_Task description_
Starting at the first line of the listing below, retype each line up to and including the one that contains "近日,青島市民營經(jīng". Leave pictures out.
Dataset excerpt Block Start
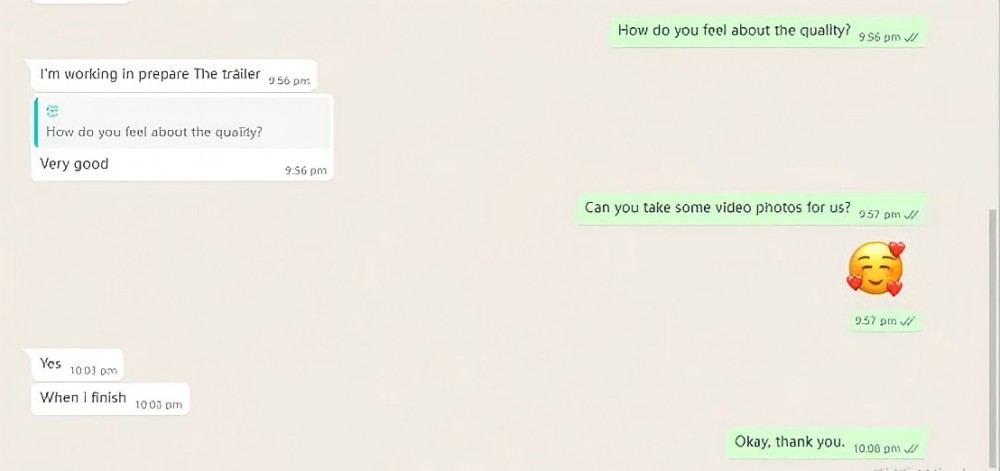 ہمارا عملہ ہر حصے میں تصاویر کھینچے گا: کاٹنے والا بورڈ ، موڑنے ، ویلڈنگ ، پینٹنگ ، جمع کرنے ، پیکنگ ، لوڈنگ ، وغیرہ۔ ہم آپ کو ہر حصے میں تازہ ترین خبریں تفصیلی تصاویر کے ساتھ بھیجیں گے تاکہ آپ اپنے آرڈر کی حیثیت کو بہتر طور پر سمجھ سکیں۔
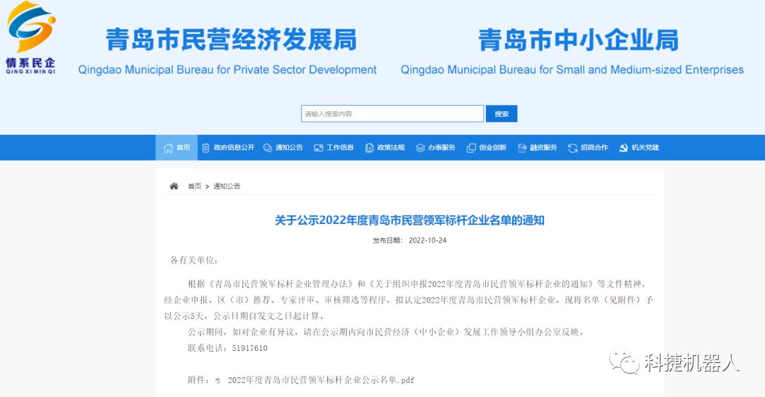 近日,青島市民營經(jīng)濟發(fā)展局公示了2022年度青島市民營領軍標桿企業(yè)名單,青島科捷機器人有限公司成功入選。這是青島首次評選民營領軍標桿企業(yè)。 2022年青島市政府工作報告明確提出,“實施民營經(jīng)濟壯大計劃,培育民營領軍標桿企業(yè)100家以上,建設全國民營經(jīng)濟示范城市”。
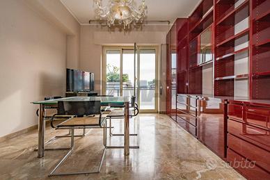 Rif: 22841108-3172 Classe energetica: F - EPglnr: 156.00 kWh/m² PALERMO - VIA AQUILEIA 10 - TRANSITORIO APPARTAMENTO ARREDATO MQ 189 Proponiamo in transitorio (12/18 mesi), riservato a persone referenziate con reddito dimostrabile, un prestigioso appartamento arredato di 189 mq, posto al 6° piano di un elegante stabile dotato di servizio di portierato. Limmobile, completamente arredato, gode di doppia esposizione che assicura eccellente luminosità durante tutto larco della giornata. Lingresso ampio e rappresentativo conduce a un salone doppio, particolarmente luminoso grazie alla presenza di una grande finestra e di un balcone con affaccio su Via Aquileia. La cucina è abitabile, anchessa arredata e attrezzata, ed è completa di veranda con seconda cucina, ideale per cucinare in totale comodità anche allesterno, oltre a una pratica dispensa. La zona notte è composta da tre camere, tutte molto luminose poiché affacciano su un ampio balcone su Via Lazio: due camere da letto e una camera soggiorno/studio, tutte arredate. Completano la proprietà due bagni e un ripostiglio. Tutti gli ambienti sono dotati di pompe di calore per il riscaldamento invernale e il raffrescamento estivo, garantendo comfort e funzionalità in ogni stagione. Le spese condominiali ammontano a circa 120,00 mensili. Lappartamento è situato in una zona estremamente vivace e ben servita, ricca di negozi, attività commerciali, servizi di ogni genere e mezzi di trasporto pubblico. La posizione strategica tra Via Lazio e Via Regione Siciliana, importanti arterie della città, consente un rapido accesso alle autostrade in direzione Trapani e Catania. Una soluzione abitativa pronta da vivere, ideale per chi cerca un appartamento arredato di ampia metratura in locazione transitoria, senza rinunciare a comfort, spazio e collegamenti rapidi.
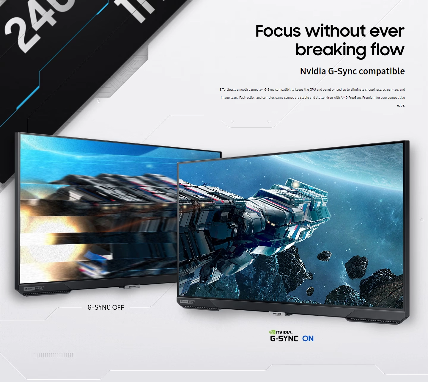 G-Sync compatible monitor has a 240Hz refresh rate and 1ms response time
Dataset excerpt Block End
_Exercise answer_
 ہمارا عملہ ہر حصے میں تصاویر کھینچے گا: کاٹنے والا بورڈ ، موڑنے ، ویلڈنگ ، پینٹنگ ، جمع کرنے ، پیکنگ ، لوڈنگ ، وغیرہ۔ ہم آپ کو ہر حصے میں تازہ ترین خبریں تفصیلی تصاویر کے ساتھ بھیجیں گے تاکہ آپ اپنے آرڈر کی حیثیت کو بہتر طور پر سمجھ سکیں۔
 近日,青島市民營經(jīng)濟發(fā)展局公示了2022年度青島市民營領軍標桿企業(yè)名單,青島科捷機器人有限公司成功入選。這是青島首次評選民營領軍標桿企業(yè)。 2022年青島市政府工作報告明確提出,“實施民營經(jīng)濟壯大計劃,培育民營領軍標桿企業(yè)100家以上,建設全國民營經(jīng)濟示范城市”。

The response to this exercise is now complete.